Gi.Ni., rappresentato e difeso, giusta procura speciale allegata al controricorso, dall’Avvocato Ma.Ap., con cui elettivamente domicilia in Roma, al (…), presso lo studio dell’Avvocato Sa.Co.

avverso la sentenza, n. cron. 4164/2019, della Corte di Appello di Roma, pubblicata il giorno 19/06/2019;

udita la relazione della causa svolta nella camera di consiglio del giorno 09/05/2024 dal Consigliere dott. Eduardo Campese.

I motivi dell’impugnazione devono non solo indicare il quantum appellatum ma anche il quia

FATTI DI CAUSA

1. Con atto ritualmente notificato il 6 settembre 2012, (…) Srl in liquidazione citò Gi.Ni., suo ex amministratore, innanzi al Tribunale di Latina onde sentirne accertare la responsabilità, ex art. 2476 cod. civ., per i danni provocatile dalle specifiche condotte di mala gestio ivi descritte (avvenuta restituzione dei locali ove era esercitata l’attività aziendale alla propria moglie e suocera, comproprietarie dei medesimi, nel 2007, come dichiarato dall’ex amministratore, senza alcun motivo; ingiustificato abbandono, entro i locali medesimi, dei beni mobili della società; mancata convocazione dell’assemblea dei soci per assumere simili decisioni; continuazione dell’attività di ristorazione fino al 2010, quale amministratore tiranno ed in società di fatto con le comproprietarie, proprie parenti; avere inglobato debiti, non fisiologici, che avevano determinato la perdita del capitale sociale) ed ottenerne la condanna al corrispondente risarcimento.

1.1. Costituitosi il Gi.Ni., che contestò l’avversa pretesa, chiedendone il rigetto, e propose domanda riconvenzionale volta ad ottenere la sostituzione della liquidatrice, l’adito tribunale, espletata l’istruttoria, con sentenza del 21 marzo 2018, n. 777, respinse la domanda dell’attrice e dichiarò inammissibile quella riconvenzionale del convenuto.

2. Il gravame promosso da (…) Srl in liquidazione avverso quella decisione fu dichiarato inammissibile dall’adita Corte di appello di Roma, con sentenza del 19 giugno 2019, n. 4164, resa, ex art. 281-sexies cod. proc. civ., nel contraddittorio con Gi.Ni.

2.1. Per quanto qui di interesse, quella corte ritenne i tre motivi di gravame ivi spiegati tutti carenti del requisito di specificità di cui all’art. 342 cod. proc. civ.
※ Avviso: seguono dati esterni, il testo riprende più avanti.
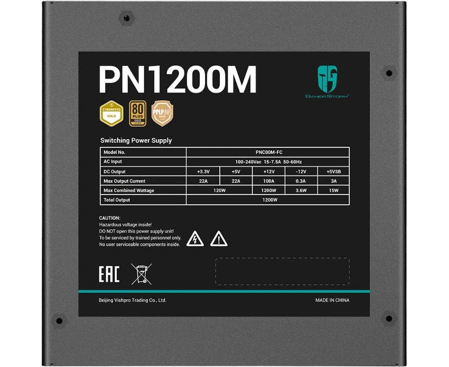 Блок питания Deepcool GamerStorm PN1200M (GS PN1200M) (ATX 3.1, 1200W, Full Cable Management, PWM 135mm fan, Active PFC, 80+ Gold, Gen5 PCIe) RET
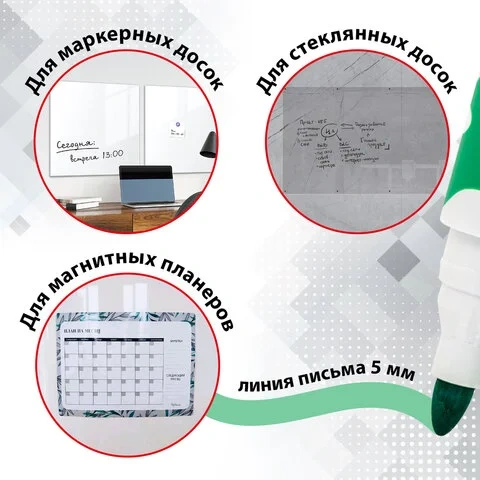 Набор маркеров для белой доски с удобной резиновой вставкой в зоне захвата. Эргономичный корпус, выполненный по технологии двойного литья, обеспечивает комфорт при использовании и обладает стильным внешним видом. Характеристики Цвет: красный, синий, зеленый, черный Толщина линии письма: 5 Наконечник: круглый Количество маркеров в наборе: 4 шт. Основа чернил: водная Устойчив к засыханию: да Чернила стираются сухой губкой: да Не протекает при перепаде давления: да Наличие клипа на колпачке: да Эргономичный корпус: да Материал корпуса: пластик Артикул производителя: 151252. Штрих-код: 4606224178066. Производитель: Китай.
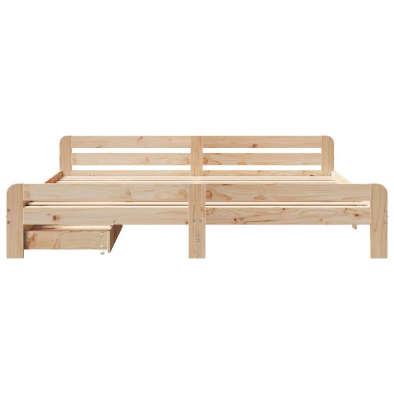 Осигурете си по-добър спокоен нощен сън с тази рамка за легло! Тя представлява приветливо допълнение към всяка спалня. Стабилна и дълготрайна рамка: Масивната борова дървесина е известна със своята здравина и издръжливост. Нейните прави зърна и отличителни възли допринасят за рустик чара ѝ.Решетъчна основа за оптимална опора: Рамката на леглото е оборудвана с решетъчна основа за опора и дишане на вашия матрак.Използвайте пълноценно пространството: Тази основа за легло разполага с две чекмеджета отдолу, осигуряващи съхранение на предмети като допълнително спално бельо, сезонни дрехи и играчки.Гъвкава табла: Тази рамка за легло се предлага с табла, която осигурява отлична опора за гърба, когато седите в леглото, за да четете или гледате телевизия, като същевременно служи и като декоративен елемент.Маневреност без усилие: Това чекмедже за съхранение под леглото разполага с четири колелца, осигуряващи плавна и лесна маневреност за плъзгане и изваждане под леглото ви. Добре е да се знае:Към това легло не е включен матрак. Ние предлагаме разнообразна селекция от матраци. Можете да проверите нашия магазин за подходящ матрак.
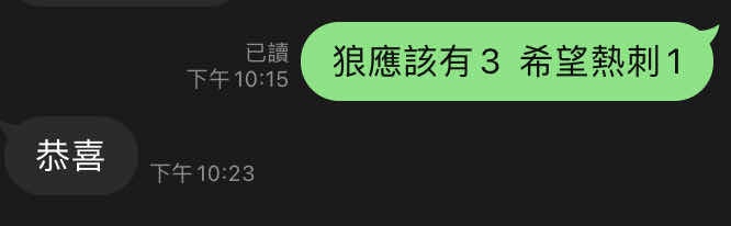 → terrificday: 狼3.5大收 6+收 42.70.89.104 04/13 22:45
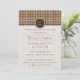 Um clássico design de som em tons marrom e bronzeado cria um padrão divertido e atualizado com um sotaque final de um rosa de ouro metálico misturado para criar um design que realmente irá pop. Um círculo castanho e castanho contém um monograma e cria um quadro para a parte inferior da placa onde você pode encontrar um texto de exemplo que você pode personalizar para criar um convite personalizado para seu evento.
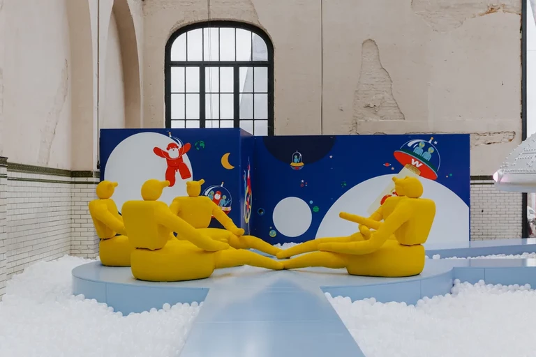 Koncepcja „Welcome Little Stranger” stanowi radykalną alternatywę dla cyfrowej rozrywki, stawiając na stymulację dziecięcej wyobraźni. We współpracy z Emmą Ribbens, projektantką społeczną i laureatką nagrody Henry’ego Van de Velde, Beirendonck włączył najmłodszą lokalną społeczność w proces twórczy poprzez udział w licznych, budujących kosmiczną narrację warsztatach. Motyw istot pozaziemskich stał się narzędziem do badania poczucia przynależności w przestrzeni publicznej.
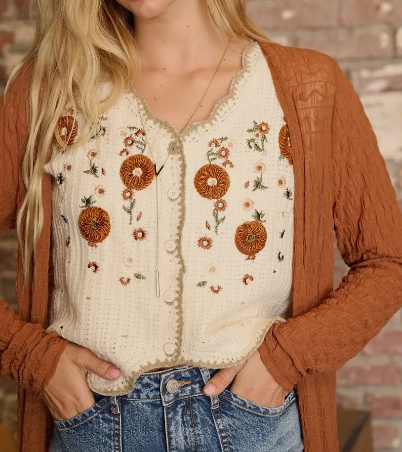 This sleeveless vest features intricate floral embroidery combined with delicate crochet craftsmanship, offering a refined and elegant look. Perfect for layering, its lightweight design adds texture and sophistication to any outfit, making it ideal for warm-weather occasions or stylish layering year-round.
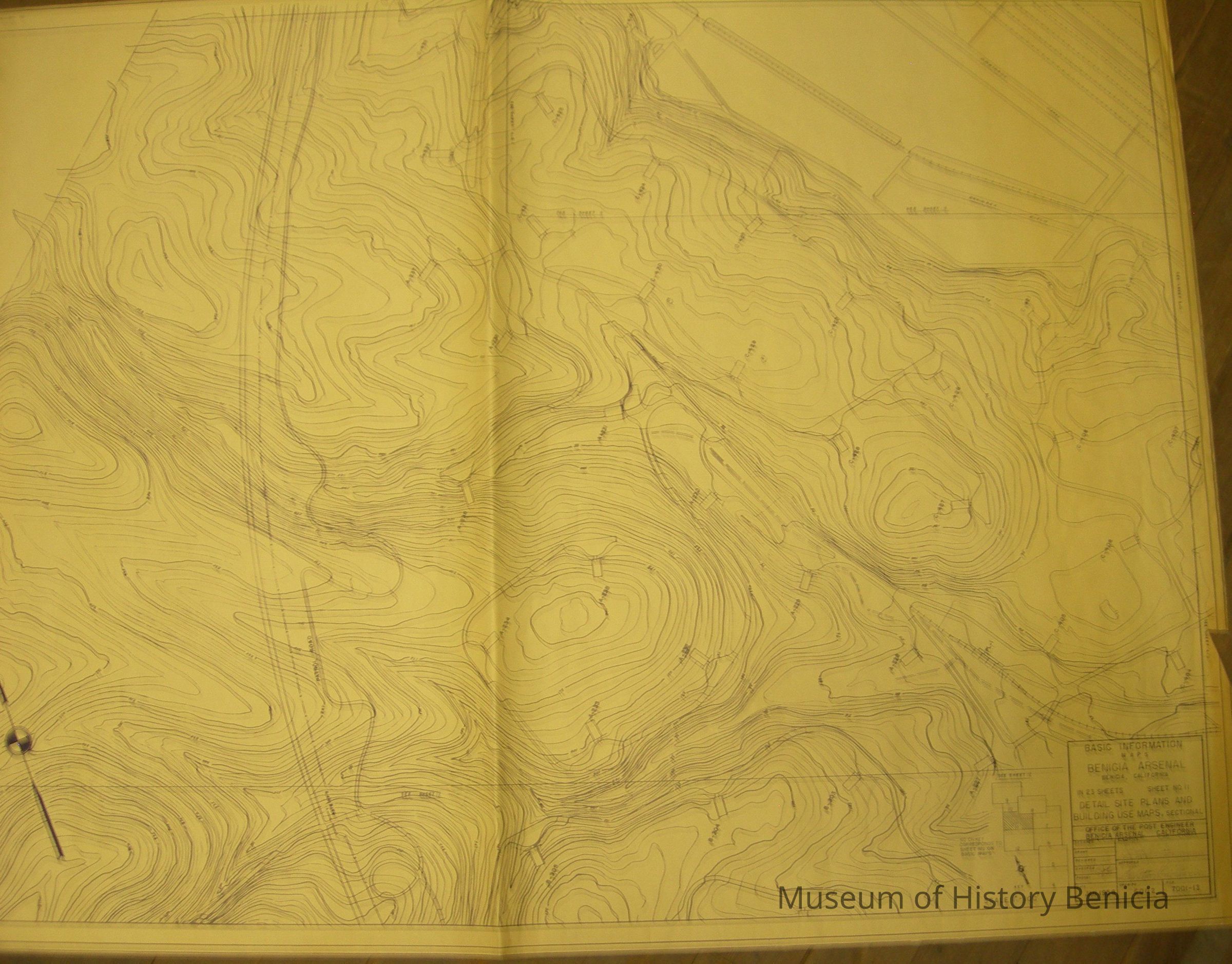 Basic Information Map - Benicia Arsenal / Sheet no. 11 of 23 Drawing 6002 General Storm Drainage Map with Purple Graphics size: 37" x 52"
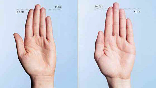 Для того, чтобы определить характер другого человека, вовсе не обязательно проводить с ним много времени. Также нет необходимости осваивать премудрости астрологии, хиромантии, нумерологии. Можно использовать вполне научный метод и приглядеться к длине пальцев. Английский антрополог, профессор университета Суонси Джон Мэннинг в результате многочисленных и продолжительных исследований сумел вывести новый параметр — пальцевый индекс. В основу методики легло сравнение размера указательного пальца (2D) и безымянного (4D). Так, согласно статистическим данным, у большинства мужчин на планете пальцевый индекс равен 0,88 — 1,05, а указательный палец короче безымянного. У женщин всё наоборот, либо же пальцы и вовсе равны. Женский пальцевый индекс варьируется от 0,91 — 1,017. Соответственно, для мужчин характерен низкий показатель, а для женщин — высокий. . Мэннинг считает, что на пальцевый индекс влияет наличие тестостерона (мужского гормона) в организме. Иными словами, если у мужчины указател
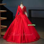 カラードレス レッド 長袖 主役 演奏会 発表会 二次会 花嫁 ウエディングドレス ウェディングドレス ロングドレス Aラインドレス プリンセスドレス
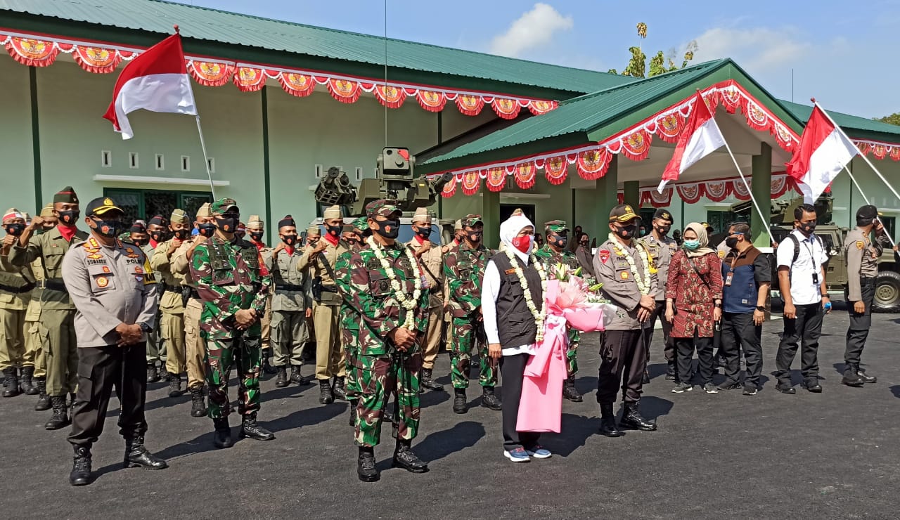 Dalam gelar giat pencanangan peran TNI-POLRI penanganan covid19, yang dilaksanakan di Batalyon Arhanudse, Gedangan, Sidoarjo. Kamis pagi, 13 Agustus 2020.
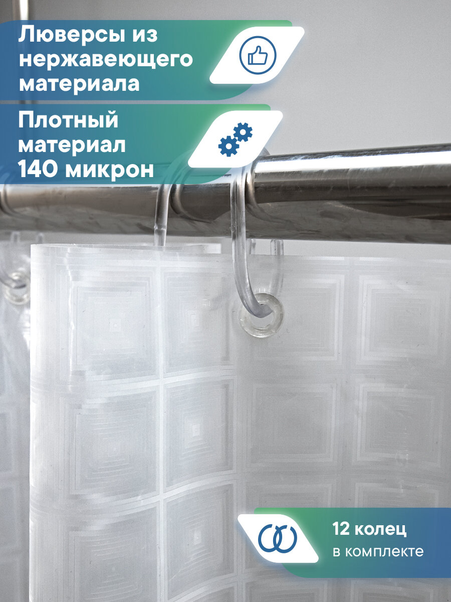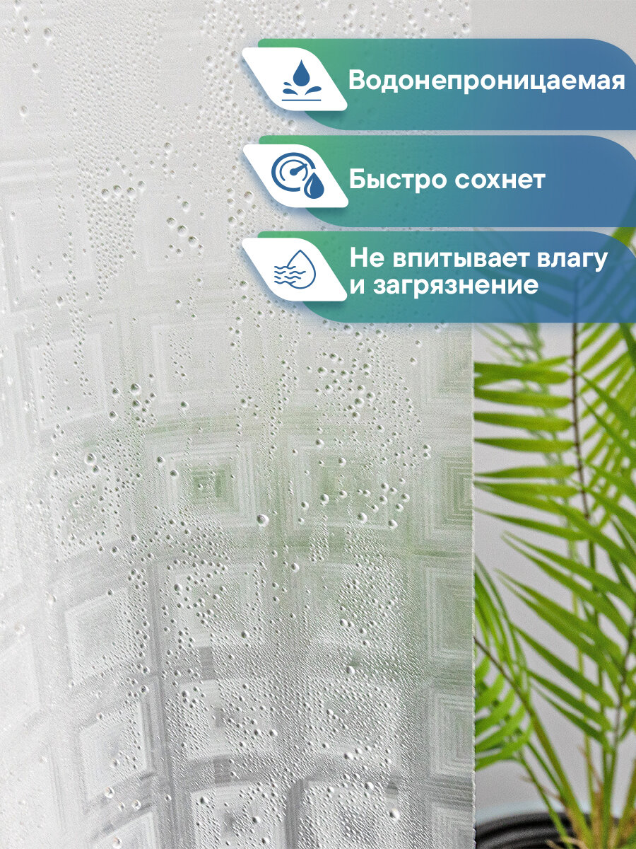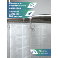 Штора для ванной комнаты и душа с люверсами «кристалл» 180х180см / шторка для душа водонепроницаемая с люверсами

Quanto al primo di essi, inoltre, lo considerò volto a prospettare una domanda nuova, in quanto fondata su una circostanza fattuale dedotta per la prima volta in quella sede, ossia il rilascio di una porzione dell’immobile dove la società esercitava la propria attività non già nel 2007, bensì nel 2010.

3. Per la cassazione di questa sentenza ha promosso ricorso (…) Srl in liquidazione, affidandosi a due motivi, il secondo dei quali articolato in plurimi profili. Ha resistito, con controricorso, Gi.Ni.

Entrambe le parti hanno depositato memoria ex art. 380-bis.1 cod. proc. civ.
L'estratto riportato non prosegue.